2005-12-23 / Community

Water Pollution Plant Overhaul Set For 2006

By Roseanne Honan

  • A modernization project that will pump in millions of dollars in new equipment and promises to eventually address odor-control at the Rockaway Water Pollution Control Plant is slated to begin in 2006, The Wave has learned.
  • Details of the plan are outlined in a letter dated December 2 from Department of Environmental Protection Deputy Commissioner Vincent Sapienza to City Councilman Joseph Addabbo Jr.

    “Regarding the Rockaway plant, the DEP recently completed a Facility Plan calling for a phased modernization of the equipment and structures. The initial phase of the program will include replacement of equipment totaling $25 million. Design work is expected to begin in 2006. Future phases of work will include odor-control systems consistent with all air-quality requirements,” Sapienza wrote.
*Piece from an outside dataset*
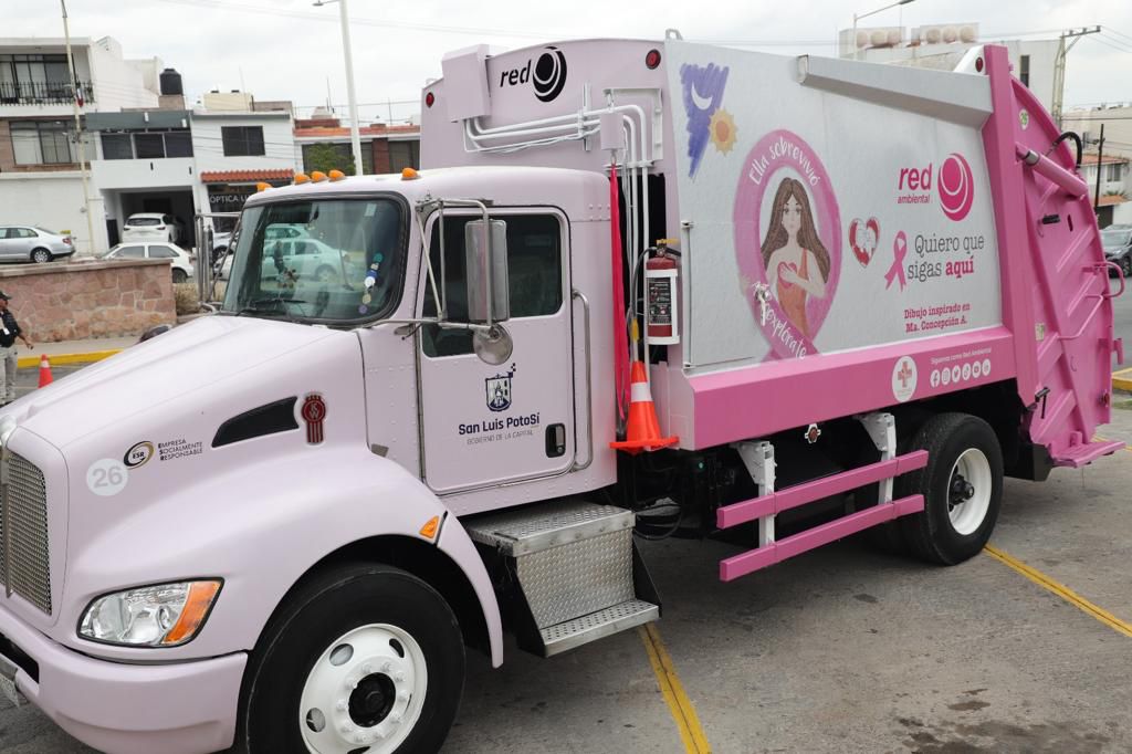 El titular de Gestión Ecológica, Maximino Jasso Padrón, recordó que el camión recolector específicamente rotulado para esta campaña, recorrerá las más de 95 rutas que llegan a prácticamente toda la mancha urbana, “lo que nos permitirá visibilizar temas tan importantes como lo es la autoexploración para detectar a tiempo el cáncer de mama”.

    Local residents have long complained to local representatives and in letters to The Wave about the odors that create a hold-your-breath zone near Beach 105 Street and Beach Channel Drive. Earlier this year, Community Board 14 District Manager Jonathon Gaska, encouraged people to call 311 after residents reported that the odor was particularly strong.

    Sapienza also stated in the letter that in 2004, the Rockaway plant received the National Association of Clean Water Agencies’ Peak Performance Award for perfect compliance with environmental discharge standards.

    With the housing boom taking place on the peninsula, many are concerned that the plant will be unable to perform properly for a burgeoning population.

    These concerns led Addabbo to write at least two letters advocating for a plant upgrade. Sapienza responded to the Councilman’s queries, and wrote this about the odor problem: “While the facility is a well-performing plant, we acknowledge that some parts of the operation can at times produce unpleasant odors. Staff at the plant are attentive to these areas, insuring that doors are closed, containers are covered, and biological systems are appropriately monitored.”

    The city owns 14 waste water pollution control plants, which are dotted along most of New York’s major waterways, including the Hudson River, Coney Island, and the Bowery. They are mapped on the city’s website, NYC.gov.

    The Rockaway plant, built in 1952, collects sewage water and debris by the millions of gallons. Three separate treatments filter sewage and sludge, until the final disinfectant stage, where the water is released into the open ocean and Jamaica Bay. The plant was last upgraded in 1974.

    Addabbo said he is pleased with the proposed 2006 plant modernizations.

    “This has been a chronic problem in Rockaway for many years. The odor is an unbearable nuisance and possibly a health issue for residents and workers. Something had to be done,” he told The Wave.

    With the facility plan slated for the Wastewater Pollution Control Plant in 2006, Rockaway residents may have odor-free days ahead, even in the sweltering summer months.

    “It will be nice to drive past there and not have to hold my breath. The upgrade has been long overdue and I plan to keep an eye on it,” Addabbo said.